So what is the epidemic of change for which we seek a tipping point? Simply
put, it is twofold: a solution to our broken healthcare system, and a role for
psychologists in that reformed system that appropriately values our services
and enables our ability to provide those services. We are compelled to ask the
question of how we can contribute to that tipping point, But, to first know
how we can best contribute, we need to check in on how health care reform is
progressing. Unfortunately, the answer is not so good. Just as we discovered
last year, no good comprehensive health reform plan, or even an organized vision
of one, has yet been able to emerge in response to recent years of turmoil in
the country’s health care system.
Among the few visible so-called reform trends that can be found is the movement
towards consumer-driven health care. This concept intends to better enable individual
consumers, as opposed to employers or other third-party payers, to be better
purchasers of their health services, not just the beneficiaries of services
purchased for them by a third party. In theory, consumer-driven health care
intends to produce an informed consumer of health care who will make smart purchasing
choices based on quality and cost. It typically consists of a high deductible
insurance plan, with the potential for a combined employer and employee funded
health reimbursement account used by the employee to pay for services within
that deductible. The Bush Administration continues to promote Health Savings
Accounts -- a form of consumer-driven health care -- as one of its only vehicles
for healthcare reform.
But adoption has not been what was hoped for. According to Mercer Health &
Benefits Consulting, the number of consumer-driven plans grew by only 2% among
small employers in 2005 -- the very population that was supposed to be most
advantaged by the plans. The Mercer study found that the plans are more popular
among jumbo employers with 20,000 or more workers, where 22% offer some form
of consumer-driven health plan, up from 12% in 2004. But even in those companies,
enrollment in the plans averaged only 8% of workers.

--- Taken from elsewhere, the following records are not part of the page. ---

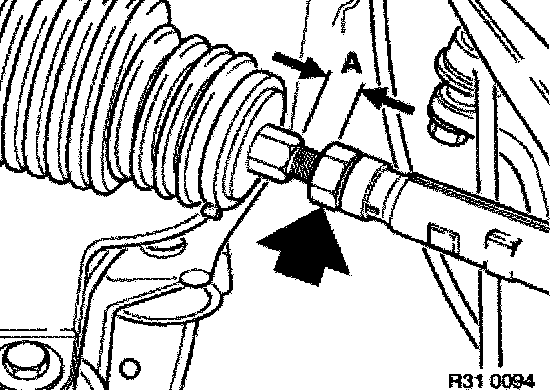 Measure or mark up screw-in length (A) of both track rods, unfasten nut and disconnect track rods.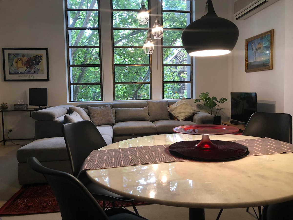 ÚNICO E SOFISTICADO Apartamento independente. O apartamento foi convertido de um armazém e fica no térreo. O espaço é moderno, espaçoso, leve e confortável. Acesso privado a partir de uma pista de pedra azul bem iluminada, no coração de Fitzroy, há 2 quartos de bom tamanho (e um sofá-cama queen size, mediante solicitação) Roupa de cama e toalhas de qualidade, com necessidades básicas fornecidas (orgânicas/ sustentáveis/ locais sempre que possível). Máquina de lavar louça, forno, cooktop e exaustor Borch novos em folha.
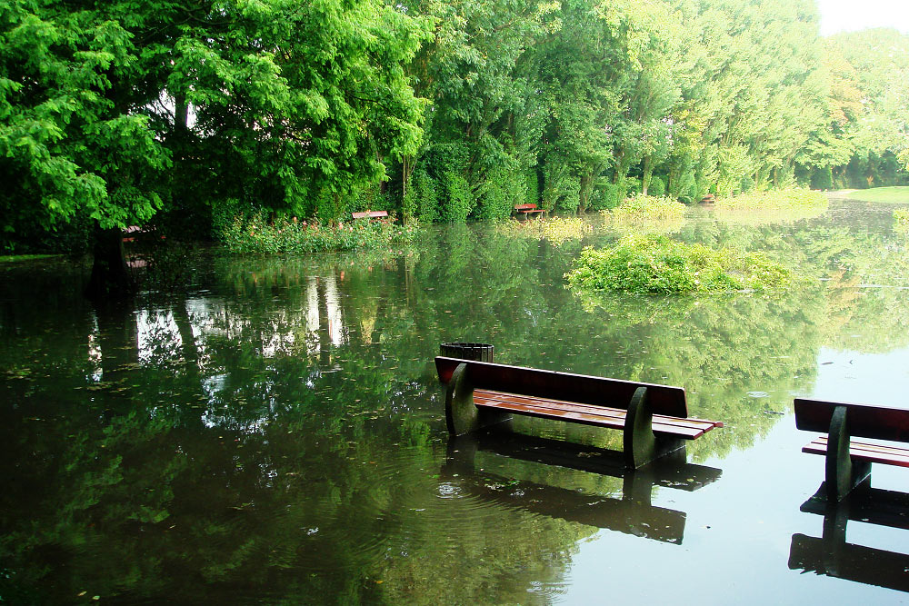 Ein weiteres Bild des überfluteten Rosengartens, der sehr tief gelegen ist und in dem sich daher nach dem Gewitterregen das Wasser der höher gelegenen Ortsteile sammelte.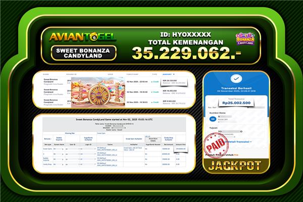 BUKTI PEMBAYARAN SLOT AVIANTOGEL Rp.35,229,062,- GAME : SLOT SWEET BONANZA CANDYLAND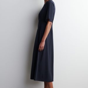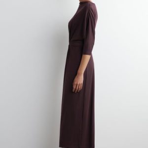 Softly draped silhouettes bring a modern femininity to the womenswear collection. This asymmetric dress is crafted from fluid modal jersey and designed with an angular dropped waist and flowing midi hem. The dark-tangerine tone is key for the season.

A survey by the Employee
Benefits Research Institute and the Commonwealth Fund found lower consumer satisfaction
and higher out-of-pocket costs with consumer-driven plans than with more comprehensive
health plans. Importantly, the study found that individuals with consumer-driven
health plans were more likely to avoid, skip or delay health care because of
costs than those in comprehensive plans. The study also found that few health
plans of any type provide the cost and quality information sufficient to enable
informed decisions, and it found very low levels of trust by consumers in the
information provided by these health plans.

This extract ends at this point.